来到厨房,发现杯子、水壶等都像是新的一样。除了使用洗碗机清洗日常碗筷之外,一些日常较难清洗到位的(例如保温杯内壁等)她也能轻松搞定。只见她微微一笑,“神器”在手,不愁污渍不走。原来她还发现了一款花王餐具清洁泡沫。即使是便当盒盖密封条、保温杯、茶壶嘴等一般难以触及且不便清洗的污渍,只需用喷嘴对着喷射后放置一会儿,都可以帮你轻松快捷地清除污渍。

• • • • •

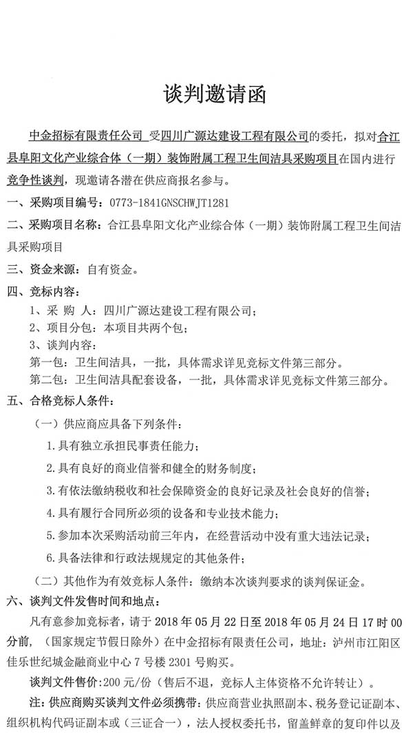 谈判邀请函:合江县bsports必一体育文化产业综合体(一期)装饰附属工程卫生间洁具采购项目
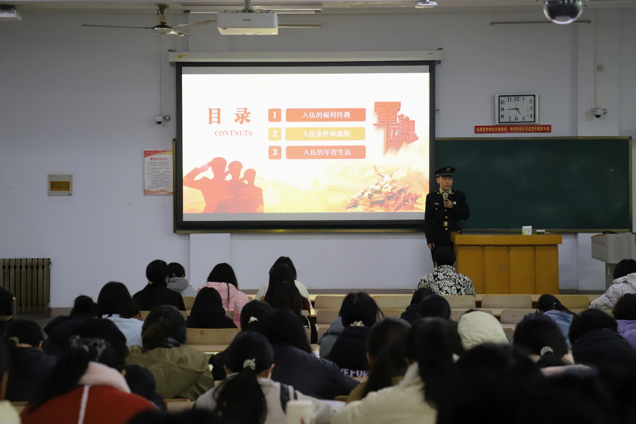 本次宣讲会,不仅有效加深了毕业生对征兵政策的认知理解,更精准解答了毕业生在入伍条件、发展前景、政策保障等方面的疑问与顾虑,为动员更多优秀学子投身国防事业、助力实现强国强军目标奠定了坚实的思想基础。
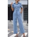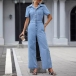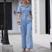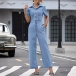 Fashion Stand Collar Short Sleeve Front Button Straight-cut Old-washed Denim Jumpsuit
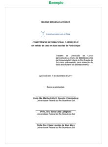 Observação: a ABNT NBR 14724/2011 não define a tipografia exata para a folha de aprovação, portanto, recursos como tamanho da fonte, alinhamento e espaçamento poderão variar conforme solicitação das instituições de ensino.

• • • • •

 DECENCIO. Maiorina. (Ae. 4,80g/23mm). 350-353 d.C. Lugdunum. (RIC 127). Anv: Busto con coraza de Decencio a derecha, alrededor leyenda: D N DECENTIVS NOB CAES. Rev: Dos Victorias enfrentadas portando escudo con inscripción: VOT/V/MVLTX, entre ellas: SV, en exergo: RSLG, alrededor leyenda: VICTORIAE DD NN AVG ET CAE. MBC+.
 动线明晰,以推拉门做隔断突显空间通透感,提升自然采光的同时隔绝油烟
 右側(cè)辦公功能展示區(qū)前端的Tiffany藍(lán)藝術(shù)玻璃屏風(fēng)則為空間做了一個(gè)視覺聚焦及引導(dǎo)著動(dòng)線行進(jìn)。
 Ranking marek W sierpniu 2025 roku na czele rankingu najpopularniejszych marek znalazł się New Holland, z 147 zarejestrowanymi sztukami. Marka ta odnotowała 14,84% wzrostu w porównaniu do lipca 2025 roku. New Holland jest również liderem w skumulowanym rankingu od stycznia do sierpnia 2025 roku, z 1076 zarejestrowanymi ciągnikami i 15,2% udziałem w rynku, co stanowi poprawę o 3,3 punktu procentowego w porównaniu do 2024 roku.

• • • • •

| Work instruction |
Output exactly the stretch of the listing that begins at the line containing "本次宣讲会,不仅有效加深了毕" and ends at the line containing "Observação: a ABNT", both kept. Omit pictures and everything else.

| Exercise response |
 本次宣讲会,不仅有效加深了毕业生对征兵政策的认知理解,更精准解答了毕业生在入伍条件、发展前景、政策保障等方面的疑问与顾虑,为动员更多优秀学子投身国防事业、助力实现强国强军目标奠定了坚实的思想基础。
 Fashion Stand Collar Short Sleeve Front Button Straight-cut Old-washed Denim Jumpsuit
 Observação: a ABNT NBR 14724/2011 não define a tipografia exata para a folha de aprovação, portanto, recursos como tamanho da fonte, alinhamento e espaçamento poderão variar conforme solicitação das instituições de ensino.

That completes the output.